Il est parfois vertigineusement et commodément utile de changer les proportions de la vie sociale, ça ne mangera pas de pain en imagination.

Imaginons donc le tout grand tout petit, le très fort très faible, le respectable devenu intouchable : cette opération est traditionnellement codifiée, une fois par an dans une manifestation subtile et généralement assez alcoolisée qu’on appelle le carnaval.

Inversion des rôles : le savant est un âne, le dominé, dominant, le fort ridiculisé ; la retenue de l’équilibre social rompt joyeusement sous une poussée organisée de transgression. Le masque devient réalité ; la dérision domine.

Mais la chose est sérieuse et bruler Monsieur Carnaval sera l’acte par lequel on se débarrassera des frimas et on accédera au printemps.
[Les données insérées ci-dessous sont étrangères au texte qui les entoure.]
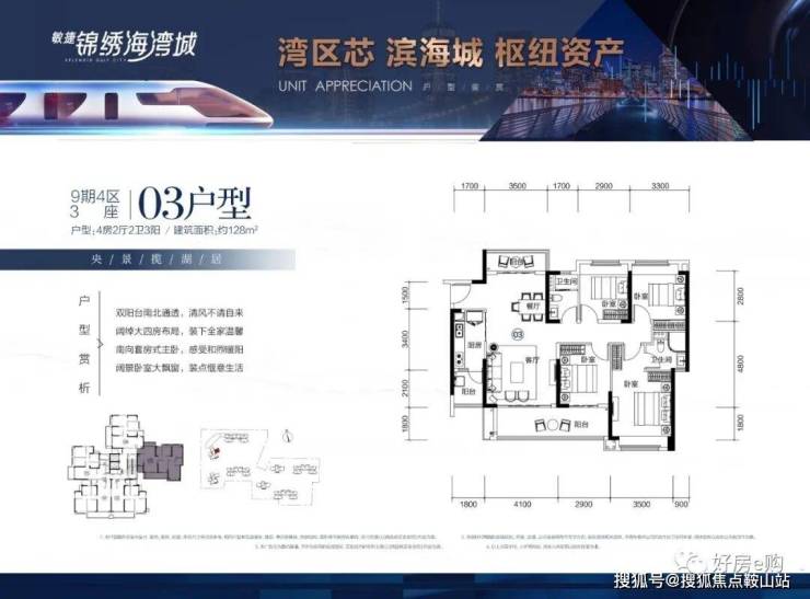 项目目前已经开放展示中心及示范单位,主推九期四区建面约91-128㎡3-4房住宅单位,具体户型如下:

Ce sera aussi le retour à l’ordre cyclique jusqu’à la fin de l’hiver suivant.

Il y donc dans le carnaval, une vérité qui s’autoriserait à se dévoiler l’espace d’un regard dans le miroir, que tout le monde connaitrait intimement et qui retournerait à son printemps immuable.

On n’est pas obligé d’accepter l’ordre cyclique et cynique du monde, on peut penser la révolte, agir le changement, mais les pouvoirs de tous ordres tendent à ce ralentissement : consolider l’édifice, ritualiser la transgression, faire de la plainte une farce, du cri, un jeu, de la protestation un caprice d’enfant.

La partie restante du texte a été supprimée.